Call centers are systems that enable a pool of agents to serve incoming and/or outgoing calls, with the calls being distributed and connected to whichever of the agents happen to be available at the time. When no agents are free and available to handle additional calls, additional incoming calls are typically placed in a holding queue to await an available agent. It is common practice to divide the pool of agents into a plurality of groups, commonly referred to as splits, and to assign different types of calls to different splits. For example, different splits may be designated to handle calls pertaining to different client companies, or calls pertaining to different products or services of the same client company. Alternatively, the agents in different splits may have different skills, and calls requiring different ones of these skills are then directed to different ones of these splits. Each split typically has its own incoming call queue.
Furthermore, some large companies find it effective to have a plurality of call centers, each for handling calls within a different geographical area, for example, Each call center, or each split within each call center, typically has its own incoming call queue. In a multiple queue environment, it can happen that one call center or split is heavily overloaded with calls and has a full queue of calls waiting for an available agent, while another call center or split may be only lightly overloaded and yet another call center or split may not be overloaded at all and actually may have idle agents. To alleviate such inefficiencies, some call centers have implemented a capability whereby, if the primary (preferred) split or call center for handling a particular call is heavily overloaded and its queue is overflowing with waiting calls, the call center evaluates the load of the other (backup) splits or call centers to determine if one of the other splits or call centers is less busy and consequently may be able to handle the overflow call and do so more promptly. The overflow call is then queued to the first such backup split or call center that is found, instead of being queued to the primary split or call center. Such arrangements are known by different names, one being “Look Ahead Interflow.”

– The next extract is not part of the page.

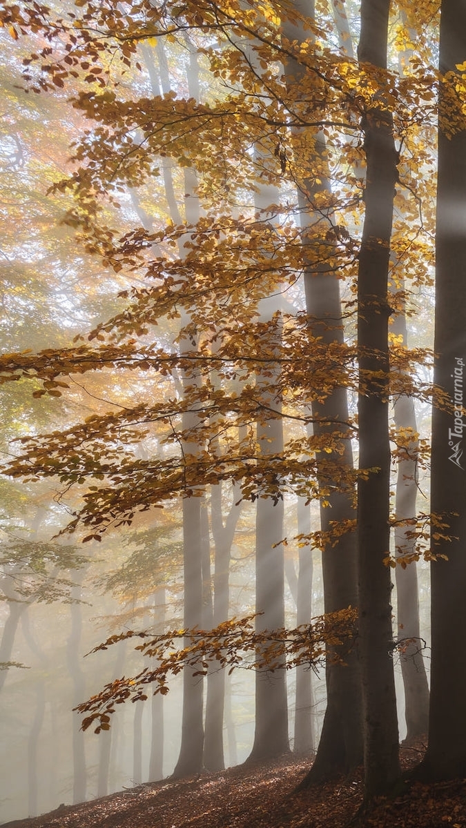 Edytor tapety: Pożółkłe drzewa w zamglonym lesie

In order to balance work across a network of call centers, the decision as to where a call should be routed is typically made based on the estimated waiting time that a call will experience with respect to a particular switch. The objective is to find the switch within a network of switches where it is predicted that the call will be answered in the shortest period of time. In situations where an enterprise has contracted with its customers to service calls within a given period of time, sending calls to the switch with the shortest waiting time does not necessarily maximize the number of customers who are serviced within the contracting period. In particular, although doing so will generally reduce the average waiting time of calls, this is not the same as maximizing the number of calls serviced within the contracted time.